Uso en el ámbito académico y de investigación
Varios proyectos de investigación en inteligencia artificial, especialmente en el área de respuesta a preguntas intensivas en conocimiento y recuperación de información, han adoptado Chroma como parte de sus stacks técnicos. Su naturaleza de código abierto permite la reproducibilidad, ya que los investigadores pueden configurar fácilmente bases de datos vectoriales para sus conjuntos de prueba. Por ejemplo, en algunos estudios que utilizan modelos de lenguaje de gran tamaño en corpus como artículos científicos, Chroma proporciona el paso de recuperación antes de que el modelo de generación produzca la salida. Esto se ha observado en trabajos para mejorar los sistemas de redes neuronales para un acceso eficiente al conocimiento, y en comparación con otras implementaciones de RAG.

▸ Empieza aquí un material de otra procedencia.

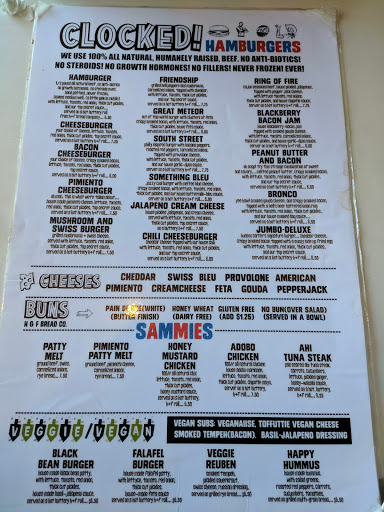 Ive eaten at Clocked many times, but yesterday (10/10/15) was my last visit. I was excited about bringing a group of friends to try the restaurant, but our waitor was extremely disrespectful. This was the first time I have ever felt guilty for ordering food. The group of off the clock employees chain smoking cigarettes at the table behind us was only icing on this cake of dismay. However, if these possibilities do not dissuade you, their burgers are quite good.
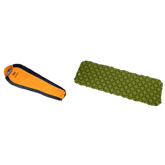 Paket vsebuje spalno vrečo Acra Mummy 10 in napihljivo podlogo L140ZEL – zelena.
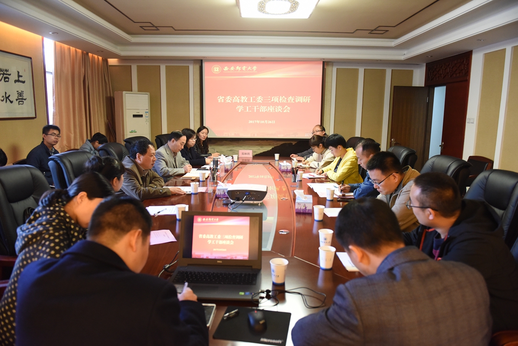 会上,副校长安增旺代表学校从体制机制建设、队伍配备、培养培训、管理考核、心理健康教育、共青团工作、存在问题与建议等七个方面,向专家组汇报了Beat365贯彻落实全国、全省高校思想政治工作会议精神,不断加强和改进“三项工作”的自查情况。专家组就“三支队伍”建设、经费条件保障等进行了现场咨询。随后,专家组分别召开了学生代表、教师代表座谈会,实地考察了通信与信息工程学院、大学生创新创业基地等工作场地,并认真查阅了有关文件、档案资料和工作记录等支撑材料。
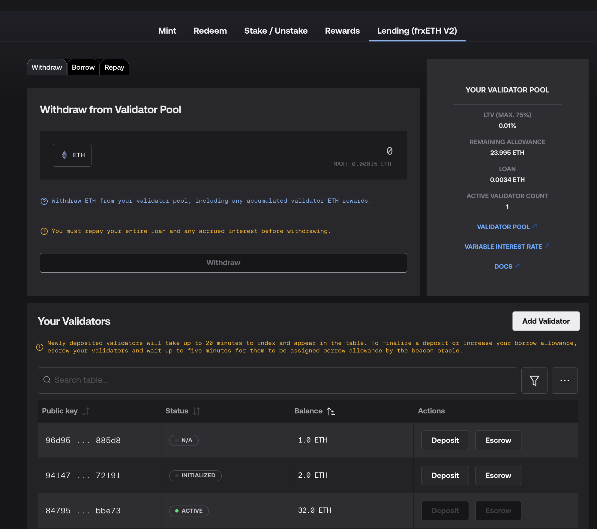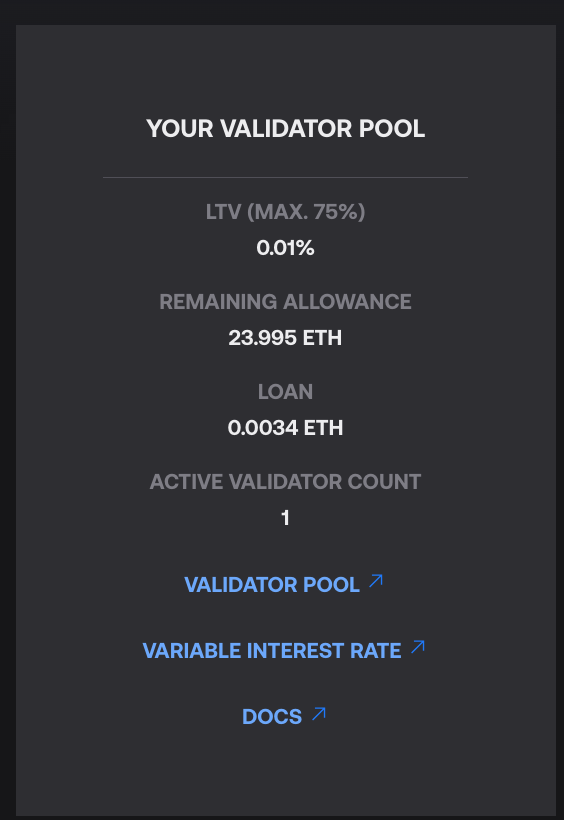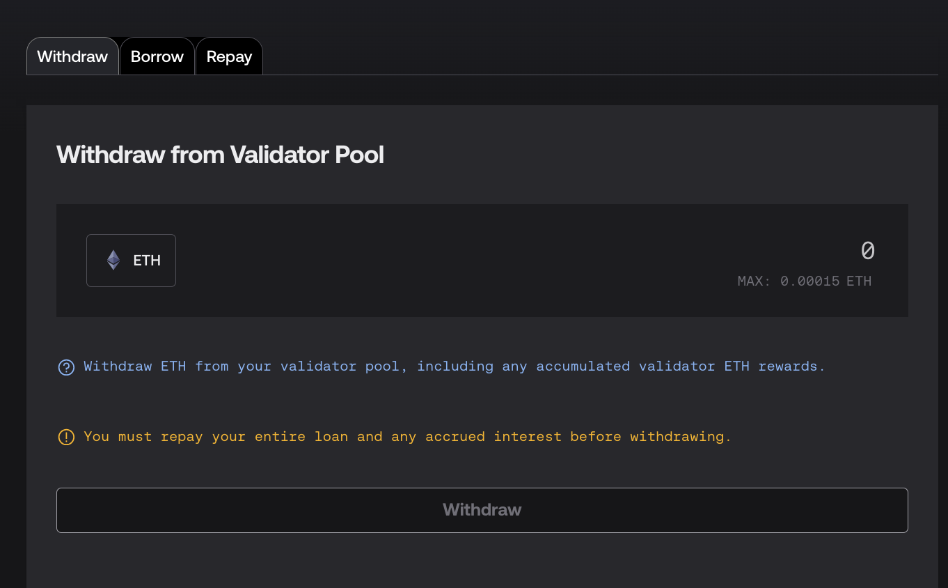Click on the Withdraw tab. Assuming all of your loans are repaid, you can withdraw any ETH remaining in the ValidatorPool contract.
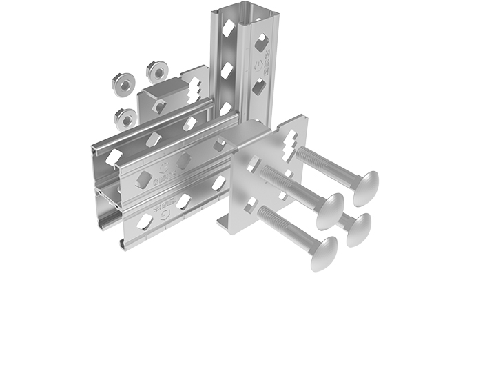 GS笑臉系統將主要連接方式更改為螺栓對穿形式,并且歷經多次開孔測試,最終確定設計為菱形鋸齒孔,可以保證水平高度調節精度4mm,安裝效率提高30%,從根本上規避了當下成品支架和傳統支架的安全隱患。輕型GS笑臉系統主材為GS槽鋼,在確保同樣的力學計算下,用鋼量減少20%。三面6條加勁肋的設計,全面提高了抗彎性能、抗剪性能、抗滑移性能和抗拉性能,承載力值提高5倍。
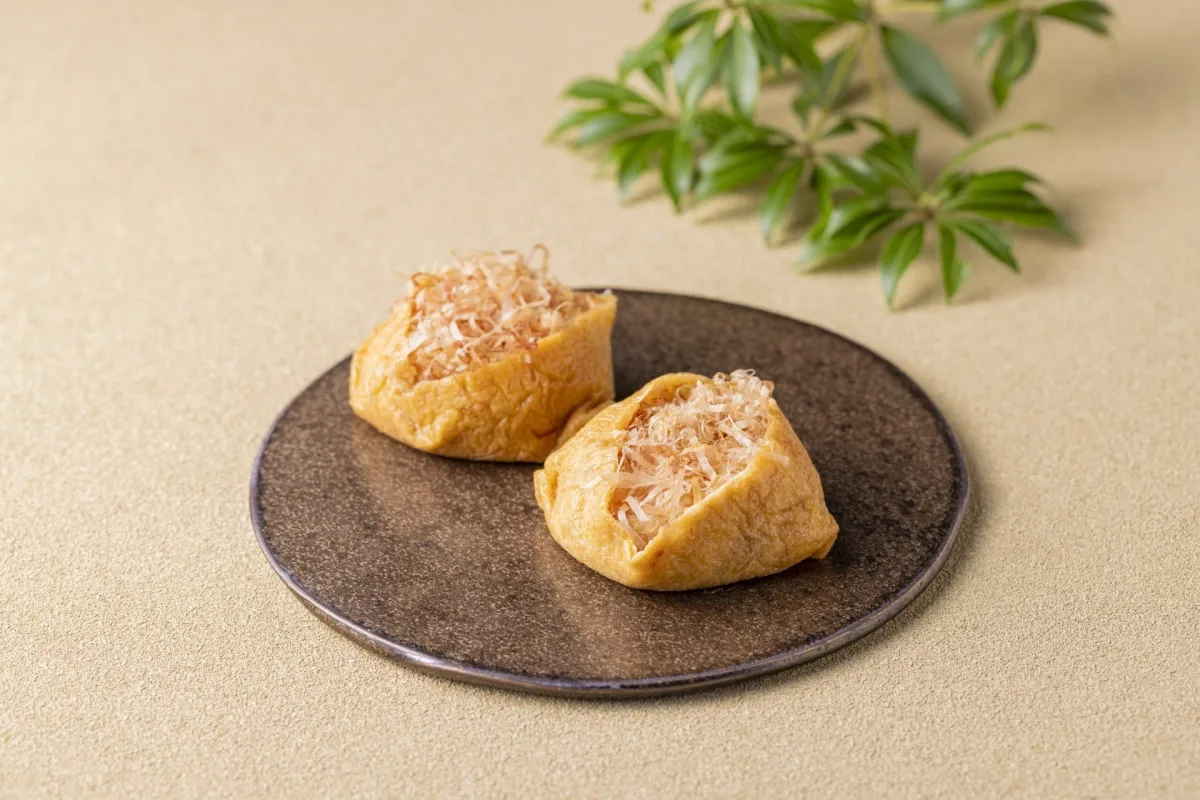 「いなり餅」は、しなやかな餅に糸カツオをまぶし、甘辛に炊き上げたいなり揚げで包んだ一品。この料理は、餅と出汁の旨味が絶妙に絡み合い、どちらを食べても満足感が得られます。生姜醤油を添えて楽しむと、また違った味わいへのアプローチができます。スイーツと軽食の間にある独特の存在感が魅力的です。

El software también se utiliza como banco de pruebas para explorar nuevos métodos en la gestión de datos para la IA, ya que permite una iteración rápida con una configuración mínima en comparación con las bases de datos tradicionales.
Comunidad e industria
Chroma ha ganado tracción entre los desarrolladores que crean soluciones de IA generativa, debido a su facilidad de integración con marcos de IA modernos. El equipo ofrece soporte comercial y pivotes en la nube, pero el código de código abierto sigue siendo una parte central de su valor. Proporciona una API estándar que se ha utilizado para construir asistentes basados en chat, incluidos aquellos para IA de Amazon y bajo variantes de hardware restringido.
Con el creciente énfasis en la recuperación eficiente en aplicaciones de inteligencia artificial, Chroma se posiciona como un ingrediente central para construir lo que a menudo se denomina la capa de base de datos de IA, junto con herramientas similares como las utilizadas por SambaNova o la computación distribuida que espera en la sede central.